On April 4, 2016, we issued a note payable to Canyon Assets Holdings, Inc. (“Lender”) dated March 28, 2016 in the principal amount of $575,000. The note was issued to the Lender in consideration for the Lender’s having satisfied on the Company’s behalf an outstanding note payable (the “CAH Note”) of the Company (the “JTS Note”). The JTS Note issued September 25, 2015 was repaid in full ($500,000 face value and accrued interest of $75,000) by the Lender with the payment of $575,000 in cash. The terms of the CAH Note call for an interest rate of 15%, due one year from the date of the CAH Note. However, all accrued and unpaid interest and all other amounts payable under the CAH Note are due to the Lender within ten (10) business days after the closing by the Company of an equity or convertible debt financing in one or more series of transactions, with aggregate gross proceeds of at least $1 million.

 

On April 4, 2016, we issued a $275,000 face value note payable and 50,000 shares of our common stock to Gemini Master Fund, LTD (“Gemini”) pursuant to a Security Purchase Agreement dated March 30, 2016 (the date the funds were received by our Company). Under the terms of the related note payable (the “Gemini Note”), the Company received $245,000, net of costs and original issue discount. Other significant terms of the Gemini Note include: 

 

  A maturity date of December 31, 2016 in the absence of events triggering mandatory early repayment (as summarized below);
  Interest accrues at the rate of 8% on the $275,000 face value (18% in the event of an event of default as defined in the Gemini Note);
  The Gemini Note is convertible in part (subject to a $10,000 minimum) at the option of Gemini into shares of the Company’s common stock at the rate of $0.70 per share (subject to adjustment summarized below);
  The Company has the option to prepay the Gemini Note;
  All prepayments of the Gemini Note, whether effected at the option of the Company or subject to mandatory early repayment (as summarized herein), require the Company to repay Gemini 112% of the outstanding principal and all outstanding accrued interest through the date of prepayment;
  All principal and interest outstanding under the Gemini Note are required to be immediately repaid should the Company complete a financing or series of financings totaling $1.5 million or more; and
  The Conversion price of the Gemini Note is adjusted for the following: 1) loss of Company DTC eligibility – conversion price adjusts to $0.25 per share; 2) stock dividends and splits – as described in the Gemini Note; 3) a rights offering below the market price (as defined) – as described in the Gemini Note; 4) fundamental transactions (as defined) – as described in the Gemini Note; 5) subsequent equity sales below $0.70 per share – as more particularly detailed and described in the Gemini Note.

 

The foregoing summaries of the agreements and of the CAH Note and Gemini Note are qualified in by the forms of the agreements included as exhibits to this report.
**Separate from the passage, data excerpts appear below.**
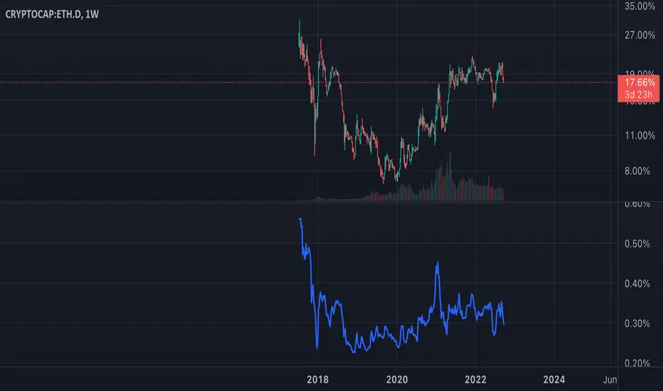 The indicator shows when ETH is undervalued or overvalued with regard to other alts. BTC capitalization is not taken into account.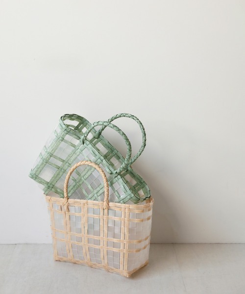●Bab● ■POINT 透け感がシーズンムードを高めてくれるクリア編みバック!ウッド調とクリア素材によって作られたチェック柄のような編みデザインがポイントです。クリア素材で程よく中が透けるので、お気に入りの小物を入れてお出かけを楽しんで頂ける一品です。 ■FABRIC ポリプロピレン素材を使用しているので水に浮かぶほど軽く、またバックの開け口が広いのでもたつかずに中身を取り出すことが出来ます。 ■COORDINATE クリアな透け感が魅力でこれからの季節にピッタリなので、さらにシーズンムードを高めるワンピースやシアートップスと合わせると◎ ※撮影環境により、多少実際のカラーと異なる場合がございます。また、携帯やスマートフォン、パソコンなどの画面上と実物では多少色が異なって見える場合がございます。ご了承下さいませ。 ※画像の商品はサンプルのため、実際の商品と若干仕様が異なる場合がございます。 ※濃色品は、過度な摩擦や濡れた状態での摩擦により、色落ち・色移りをする恐れがあります。 ※この商品は、素材の特性上、洗濯の際に多少の縮みが生じる恐れがあります。洗濯後は形を整えてから干してください。 ※その他お取り扱いに関しましては、商品に付属のアテンションタグをご覧ください。 ★商品のお気に入り登録 再入荷やラスト1点のお知らせ、セール情報などお知らせを受け取ることができます! ★ブランドのお気に入り登録 新商品や再入荷などのお得な情報を受け取ることができますので、是非ご登録ください。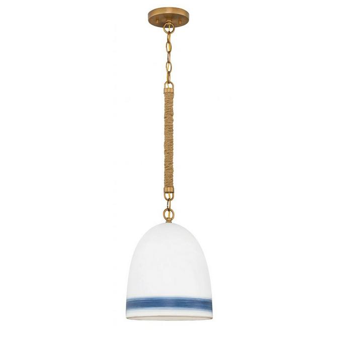 Ideal for adorning your kitchen island, the Rope Wrapped Pendant adds a coastal charm to your space! Thick jute provides a beautiful and organic contrast to the metallic chain, enhancing the nautical motifs. Each ceramic shade is hand-painted with a splash of color, creating a fresh ambiance with ease. Due to the nature of the ceramic, colors, intensity, and sizing of the stripe may vary.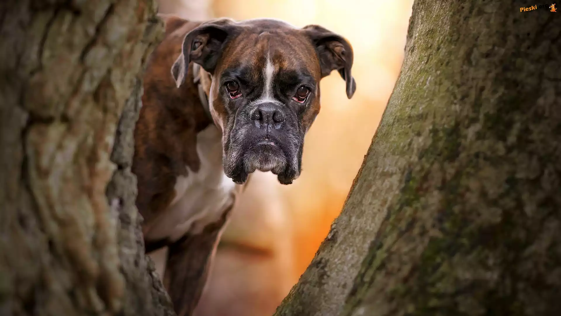 Spojrzenie, Pies, Bokser, Drzewo, Pieski
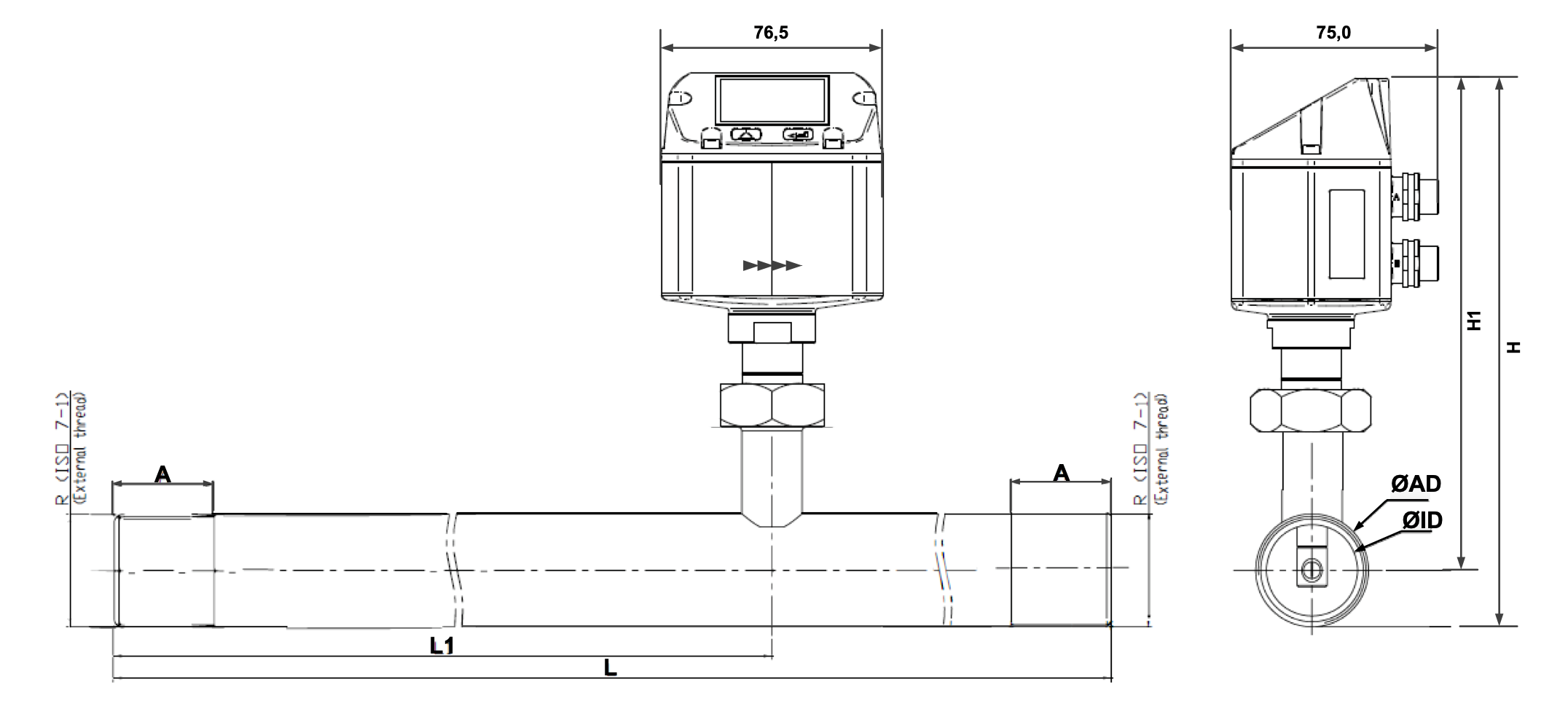 | Analogue output | 4...20 mA for m3/h or l/min |

The cash received prior to March 31, 2016 on the Gemini Note were included in notes and advances payable in the accompanying balance sheet as of that date.

 

In May 2016, we entered into agreements with two employees that hold options to purchase up to 1,000,000 shares of our common stock each. The agreements modified the strike price of their outstanding options from the previous strike prices of $1.50 to $0.55 per share. All other terms of the previous option agreements remained unchanged.